For one thing, even if engineering methods could tell us nothing at all about effectiveness, they can still be used to improve the consistency of what imagination produces. If imagination determines that a certain pattern is the correct way to write a certain topic, then engineering can help ensure that that pattern is followed consistently.
Secondly, until we can achieve a measure of consistency in how we execute the work of imagination, we will not be able to usefully measure anything, and therefore to assess the value of any algorithm that our imaginations may devise.
The value of patterns
At this stage of development (which may be our permanent state) I believe patterns are tremendously important. A pattern is far from having the formality and rigor of an algorithm, but it can do a lot to improve quality and completeness and can form the basis of a repeatable measurement.
Hollywood does not have a particularly high success rate in developing new works of imagination. When it does get a hit, it tries to reproduce the pattern as many ways as it can until all appetite for the pattern has been wrung out of the marketplace. Not all attempts to follow the pattern are equally successful, but it is very clear that attempting to define and follow the patterns of hit shows has a better success rate than trying to launch entirely new patterns.
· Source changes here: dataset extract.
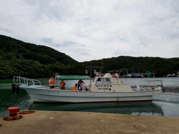 아름다운 미우다 해변을 카메라에 담고, 니이하마로 이동하여 낚시를 신청한 가족을 낚싯배에 태워드립니다.
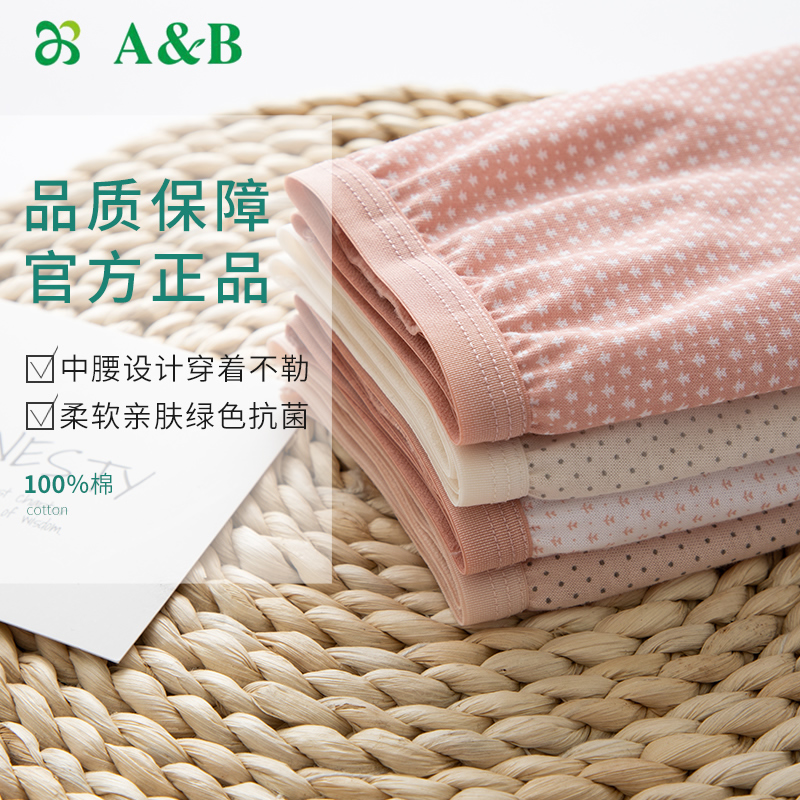 A&B女士纯棉中高腰抗菌内裤 女简约 舒适透气柔软不易变形妈咪内裤

This does not mean that we have found the story algorithm, the algorithm that would ensure that every movie, book, or TV show will be a hit, but what we have seen is that in a field in which a thousand flowers bloom, it is possible to identify and reproduce the better flowers, at least for a while. This is an absolutely valid application of content engineering, even if it does not produce, and may never produce, the grand unifying story algorithm.
Yes, we can apply engineering methods to the improvement of content. But we are not at the point, and may never reach the point, of having a rigorously proven set of algorithms and data the can form the basis of a socially justifiable certification of technical writers or other communication professionals.